The recalled products may contain Cronobacter sakazakii bacteria, the FDA said. Cronobacter sakazakii doesn’t always cause symptoms. Premature infants, infants under 2 months old, and infants with weakened immune symptoms are at greatest risk of illness. 

Fever, poor feeding, excessive crying or low energy are among some of the common symptoms. Gerber said that it has not gotten any reports of illnesses and none of the products have tested positive for Cronobacter sakazakii.

SEE MORE: Ex-FDA official: Feds waited 4 months to recall infant formula

Those with recalled products should stop using them immediately. Consumers can call 1-800-777-7690 for refund information.

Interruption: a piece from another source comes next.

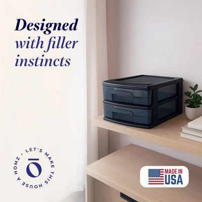 Introducing the Homz 2-Drawer Cart Organizer, the perfect solution for storing and organizing small to medium-sized items in any room in your home or office. This versatile cart has 2 spacious, smoke-tinted plastic drawers that are easy to remove whenever you need to transport or reorganize the contents. The recessed lid provides a functional space for school accessories, office supplies, paperwork, bathroom items, and more, helping you stay organized and efficient. This medium storage cart measures 12.5″L x 14.25″W x 9″H, offering ample storage space while maintaining a compact footprint, perfect to fit next to walls or in between furniture. Whether you’re looking to tidy up your bedroom, dorm room, laundry room, kitchen, pantry, bathroom, office, garage, or any other space, this cart is the ideal organizational solution. Use it for personal items, shoes, art supplies, seasonal decorations, and more! HOMZ believes that no clutter should be left behind. Our wide collection of storage containers is durable, efficient, space-saving, and some would even say sexy. Pick up a few containers to tame your worst mess and bring order to the chaos. Elevate your home with the Plastic Storage Cart.

The recalled products had the following lot codes:

- 300357651Z – USE BY 04JUL2024

- 300457651Z – USE BY 05JUL2024

- 300557651Z – USE BY 06JUL2024

- 300557652Z – USE BY 06JUL2024

- 300757651Z – USE BY 08JUL2024

- 300857651Z – USE BY 09JUL2024

- 301057651Z – USE BY 11JUL2024

- 301057652Z – USE BY 11JUL2024

- 301157651Z – USE BY 12JUL2024

Possible Cronobacter sakazakii contamination was responsible for a massive February 2022 recall of infant formula that officials blamed for a shortage of formula for months to follow.